▶ **Required action**:
The records are to be copied from the line that contains "2021 Topps Big" through their last line, word for word, with every picture left out.

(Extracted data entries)
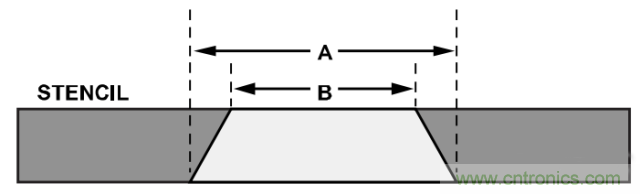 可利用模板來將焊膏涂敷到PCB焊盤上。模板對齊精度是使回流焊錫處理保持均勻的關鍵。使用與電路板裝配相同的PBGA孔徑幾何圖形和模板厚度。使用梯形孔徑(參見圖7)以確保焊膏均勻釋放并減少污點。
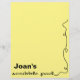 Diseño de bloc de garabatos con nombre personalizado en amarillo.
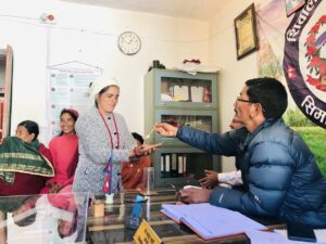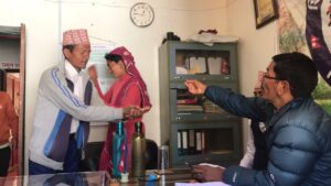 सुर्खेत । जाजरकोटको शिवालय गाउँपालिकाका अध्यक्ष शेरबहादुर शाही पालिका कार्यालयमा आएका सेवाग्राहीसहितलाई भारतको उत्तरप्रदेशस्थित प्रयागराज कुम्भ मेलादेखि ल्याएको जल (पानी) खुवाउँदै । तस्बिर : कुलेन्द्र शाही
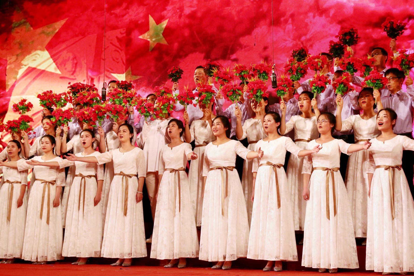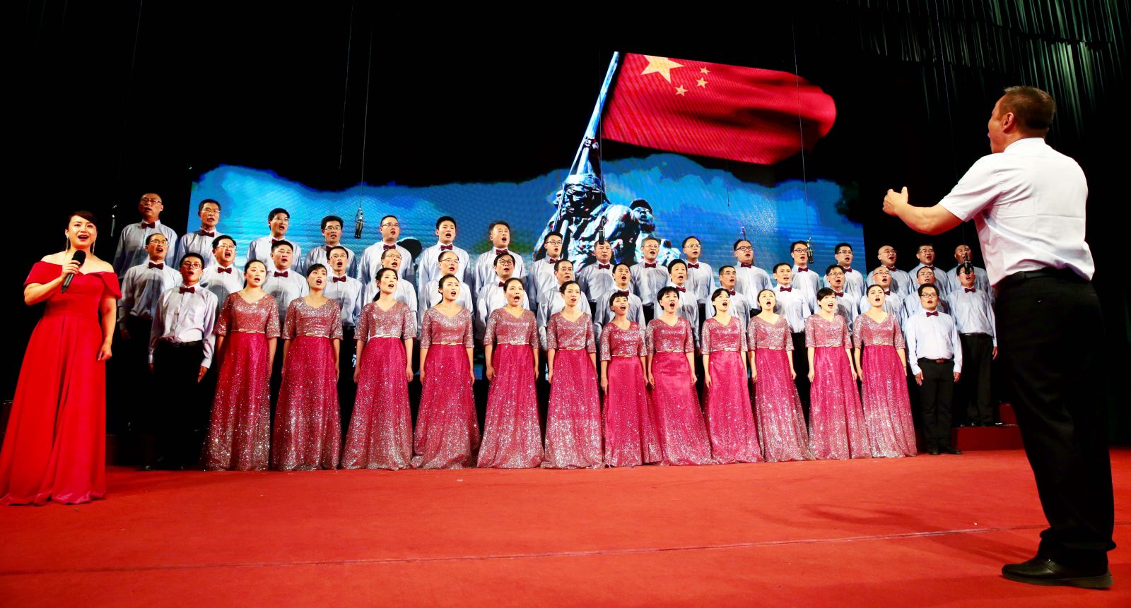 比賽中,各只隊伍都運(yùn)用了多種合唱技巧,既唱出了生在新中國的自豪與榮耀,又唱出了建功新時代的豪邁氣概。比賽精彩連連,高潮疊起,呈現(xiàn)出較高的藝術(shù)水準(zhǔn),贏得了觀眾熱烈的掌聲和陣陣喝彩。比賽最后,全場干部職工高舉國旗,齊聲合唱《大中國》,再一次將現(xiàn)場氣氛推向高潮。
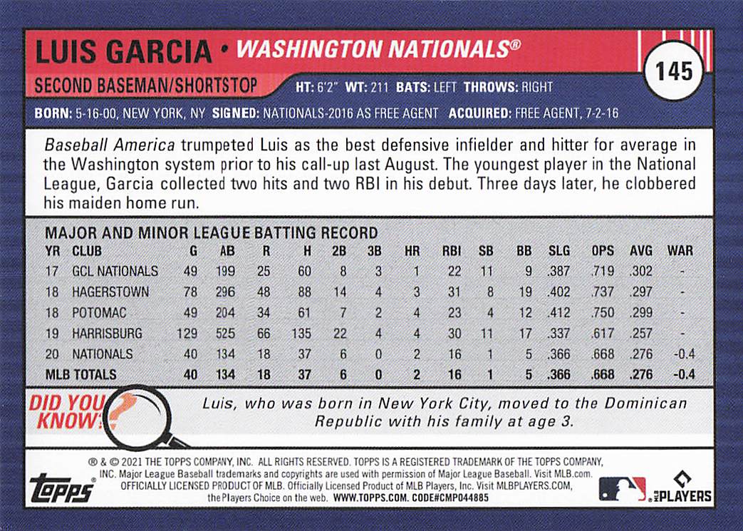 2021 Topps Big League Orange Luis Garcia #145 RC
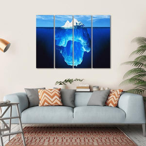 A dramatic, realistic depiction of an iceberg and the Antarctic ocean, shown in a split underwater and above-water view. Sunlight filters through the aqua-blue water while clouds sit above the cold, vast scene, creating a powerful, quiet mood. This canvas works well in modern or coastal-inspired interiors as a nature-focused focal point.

▶ **Solution**:
 2021 Topps Big League Orange Luis Garcia #145 RC
 A dramatic, realistic depiction of an iceberg and the Antarctic ocean, shown in a split underwater and above-water view. Sunlight filters through the aqua-blue water while clouds sit above the cold, vast scene, creating a powerful, quiet mood. This canvas works well in modern or coastal-inspired interiors as a nature-focused focal point.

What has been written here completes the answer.